Question

If $\overline{a}$ is a vector of magnitude '2' and it is perpendicular to a unit vector $\overline{b}$ then $|\overline{a}\times(\overline{a}\times(\overline{a}\times(\overline{a}\times\overline{b})))|$ is equal to

• A. 2
• B. 4
• C. 8
• D. 16

Answer 1

Answer: (D)

16

Answer 2

Let $\overline{V} = \overline{a}\times(\overline{a}\times(\overline{a}\times(\overline{a}\times\overline{b}))))$. We are given $|\overline{a}| = 2$, $|\overline{b}| = 1$, and $\overline{a} \cdot \overline{b} = 0$.

We can evaluate this iteratively:

1. Let $\overline{v}_1 = \overline{a} \times \overline{b}$. Since $\overline{a}$ and $\overline{b}$ are perpendicular, $|\overline{v}_1| = |\overline{a}||\overline{b}|\sin(90^\circ) = (2)(1)(1) = 2$.
2. Let $\overline{v}_2 = \overline{a} \times \overline{v}_1$. Since $\overline{a}$ is perpendicular to $\overline{b}$, $\overline{a}$ is also perpendicular to $\overline{v}_1 = \overline{a} \times \overline{b}$. Thus, $|\overline{v}_2| = |\overline{a}||\overline{v}_1|\sin(90^\circ) = (2)(2)(1) = 4$.
3. Let $\overline{v}_3 = \overline{a} \times \overline{v}_2$. Since $\overline{a}$ is perpendicular to $\overline{v}_2$, $|\overline{v}_3| = |\overline{a}||\overline{v}_2|\sin(90^\circ) = (2)(4)(1) = 8$.
4. The final expression is $|\overline{a} \times \overline{v}_3|$. Since $\overline{a}$ is perpendicular to $\overline{v}_3$, $|\overline{a} \times \overline{v}_3| = |\overline{a}||\overline{v}_3|\sin(90^\circ) = (2)(8)(1) = 16$.

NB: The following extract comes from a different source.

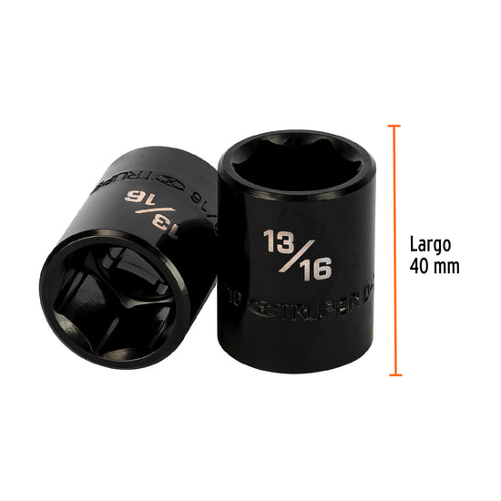 Dado de impacto de 13/16', 6 puntas, cuadro 1/2', Truper Caja con 6, 13382
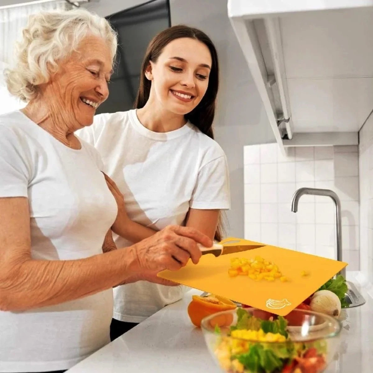 - Elke snijplank (30,5cm × 38 cm) is gemakkelijk op te bergen en onder een bepaalde hoek te krullen. Dit is handig om het gehakte voedsel direct en snel in de wok of ander keukengerei te mengen. Bovendien hoef je je geen zorgen te maken dat het mes bot zal worden.

Alternatively, using the vector triple product formula $\overline{A} \times (\overline{B} \times \overline{C}) = (\overline{A} \cdot \overline{C})\overline{B} - (\overline{A} \cdot \overline{B})\overline{C}$: Let $\overline{X} = \overline{a} \times \overline{b}$. Since $\overline{a} \cdot \overline{b} = 0$, $\overline{X}$ is perpendicular to $\overline{a}$. $|\overline{X}| = 2$. $\overline{a} \times \overline{X} = \overline{a} \times (\overline{a} \times \overline{b}) = (\overline{a} \cdot \overline{b})\overline{a} - (\overline{a} \cdot \overline{a})\overline{b} = (0)\overline{a} - |\overline{a}|^2 \overline{b} = -4\overline{b}$. Let $\overline{Y} = -4\overline{b}$. $|\overline{Y}| = |-4||\overline{b}| = 4(1) = 4$. Note $\overline{Y}$ is perpendicular to $\overline{a}$ since $\overline{a} \cdot (-4\overline{b}) = -4(\overline{a} \cdot \overline{b}) = 0$. Next, $\overline{a} \times \overline{Y} = \overline{a} \times (-4\overline{b}) = -4(\overline{a} \times \overline{b}) = -4\overline{X}$. Let $\overline{Z} = -4\overline{X}$. $|\overline{Z}| = |-4||\overline{X}| = 4(2) = 8$. Note $\overline{Z}$ is perpendicular to $\overline{a}$ since $\overline{a} \cdot (-4\overline{X}) = -4(\overline{a} \cdot \overline{X}) = 0$. Finally, we need $|\overline{a} \times \overline{Z}|$. Since $\overline{a}$ is perpendicular to $\overline{Z}$, $|\overline{a} \times \overline{Z}| = |\overline{a}| |\overline{Z}| \sin(90^\circ) = (2)(8)(1) = 16$.